Fine-tuning convolutional neural networks for maritime vessel classification, verification and recognition

Abstract

Autonomous maritime vessel surveillance systems have enormous implications to national defense and global supply chain. Therefore, ship detection and classification problems have been widely studied for a long time. Most of the studies have used satellite imagery, the real-time satellite imaging access is not public and image resolutions is insufficient for high-quality classification and recognition systems. As an alternative approach, consumer-level surveillance cameras have attracted great attention recently due to its cost-effectiveness and easy installation process. Recently, deep learning has become the state-of-the-art method in computer vision field. Deep network architectures have emerged by surpassing human-level accuracy on image classification problems. Many old but powerful ideas have been revised and applied to these networks in various computer vision problems.
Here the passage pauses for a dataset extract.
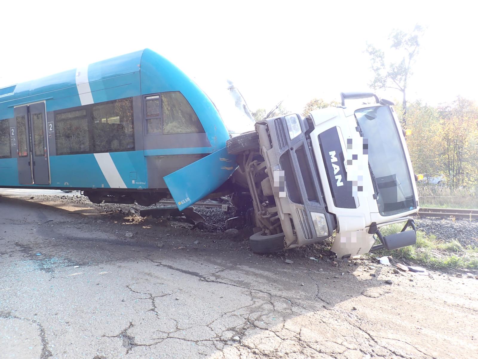Střet vlaku a náklaďáku u Valašského Meziříčí

However, the applications of deep learning methods in the analysis of maritime vessel images are limited in the literature. In this thesis, we employ the state-of-the-art deep network architectures for maritime vessel classification, verification and recognition problems. In the experiments, the most popular three convolutional neural network architectures; AlexNet, VGGNet and ResNet are used. MARVEL dataset is utilized for benchmark purposes, which contains 2M ship images. Since these networks are very difficult to train and they require lots of training samples, we follow transfer learning approach. The main contribution of this thesis is the implementation, tuning and evaluation of specific applications for maritime vessels domain. For classification task, we conduct experiments on different transfer learning techniques and we investigate their performance by transferring the weights layer by layer. We reach the state-of-the-art results by fine-tuning VGG-16 architecture. For both verification and recognition tasks, we use triplet loss heavily inspired by recent advances in the field of face verification and recognition. We achieve closely comparable state-of-the-art results on MARVEL’s both verification and recognition benchmarks.